Phase I Dose-Escalation Study of a Monovalent Heat Shock Protein 70-Herpes Simplex Virus Type 2 (HSV-2) Peptide-Based Vaccine Designed To Prime or Boost CD8 T-Cell Responses in HSV-Naïve and HSV-2-Infected Subjects

Department of Medicine, University of Washington, Seattle, Washington 98195,¹ Department of Laboratory Medicine, University of Washington, Seattle, Washington 98195,² Department of Global Health Medicine, University of Washington, Seattle, Washington 98195,³ Benaroya Research Institute, Seattle, Washington 98101,⁴ Fred Hutchinson Cancer Research Center, Seattle, Washington 98109,⁵ Westover Heights Clinic, Portland, Oregon 97210,⁶ Department of Epidemiology, University of Washington, Seattle, Washington 98195,⁷ Antigenics, Inc., Lexington, Massachusetts 02421⁸

Received 16 January 2008/ Returned for modification 21 February 2008/ Accepted 12 March 2008

This was a phase I study to assess the safety, tolerability, and immunogenicity of escalating doses of AG-702, a noncovalent complex of an HLA A*0201-restricted epitope in the glycoprotein B protein of herpes simplex virus type 2 (gB2) and truncated human constitutive heat shock protein 70. Similar vaccines have been immunogenic in animals.

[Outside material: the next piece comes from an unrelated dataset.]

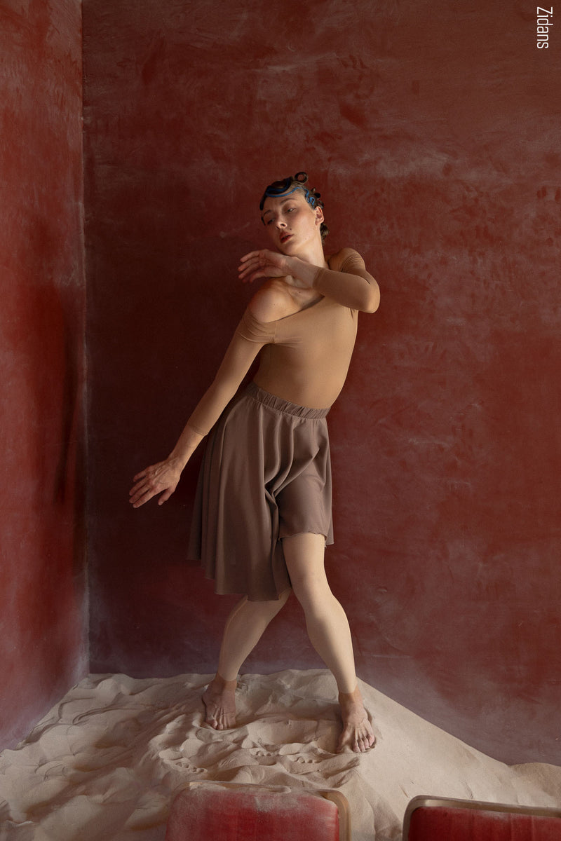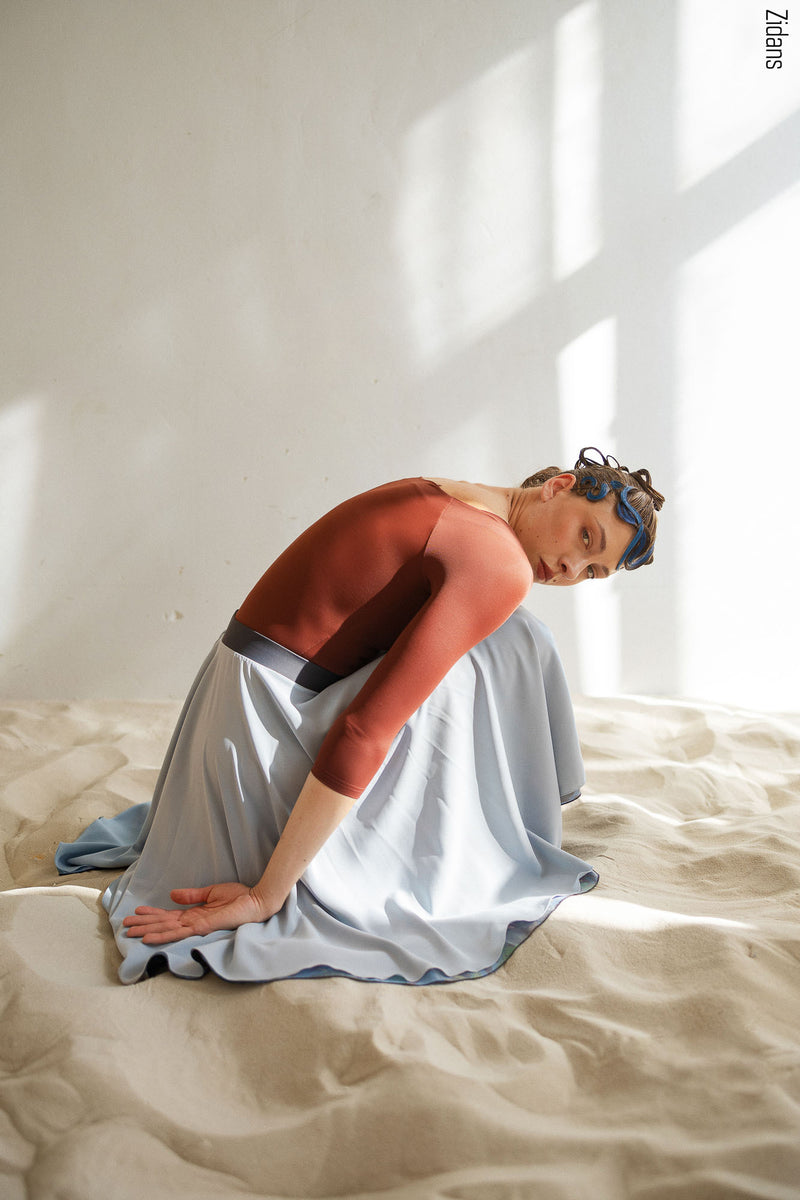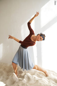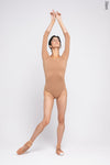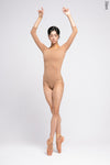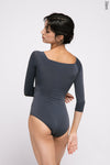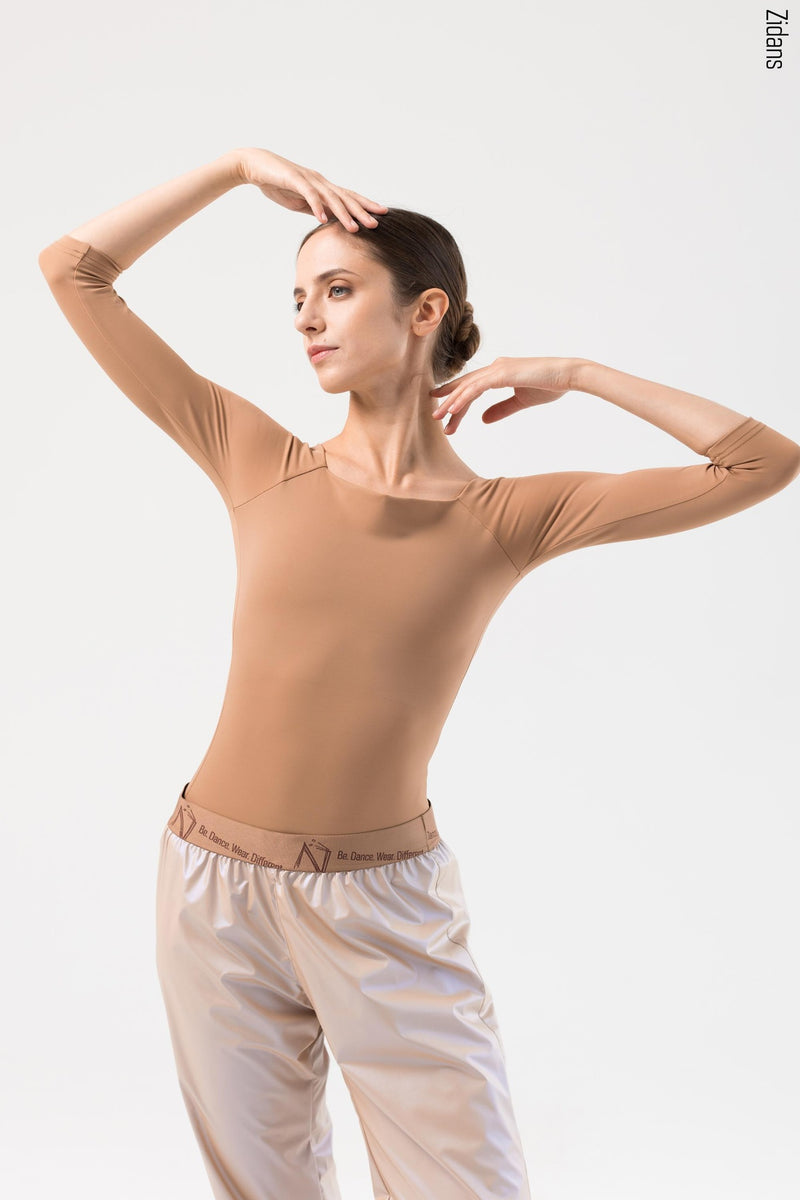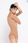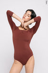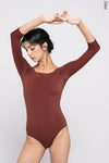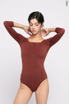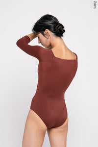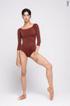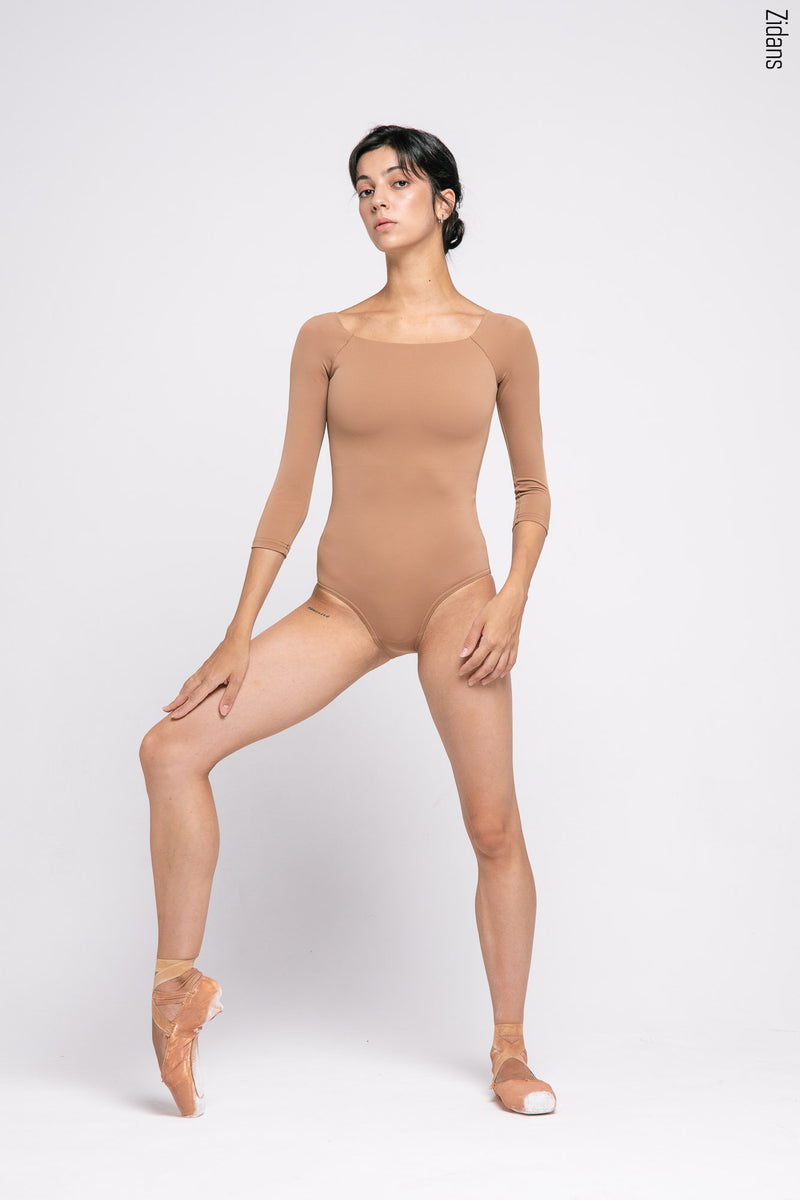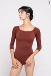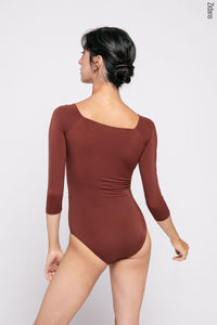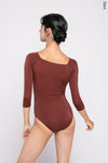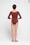 Design. Brown 3/4 sleeve ballet leotard. Minimum stitches — maximum comfort. Leotard emphasizes the neckline and demonstrates the wrists. This bodysuit can also be worn as a swimsuit.

Three injections of 10 to 250 µg were administered intradermally to HLA A*0201-bearing subjects who were either herpes simplex virus type 2 (HSV-2)-infected or HSV uninfected. Sixty-two participants received the vaccine, 60 completed the protocol, and T-cell data were accrued for 56 subjects. The vaccine was safe and well tolerated. New or boosted responses to the HSV-2 CD8 epitope were not detected. Baseline responses to an epitope in virion proteins 13/14 were higher than responses to the gB2 epitope. A heat shock protein vaccine with an HSV-2 peptide appears to be safe at the doses studied in healthy adults with or without HSV infection. Modifications of the dose, adjuvant, route, schedule, or HSV antigen may be required to improve responses.

Published ahead of print on 19 March 2008.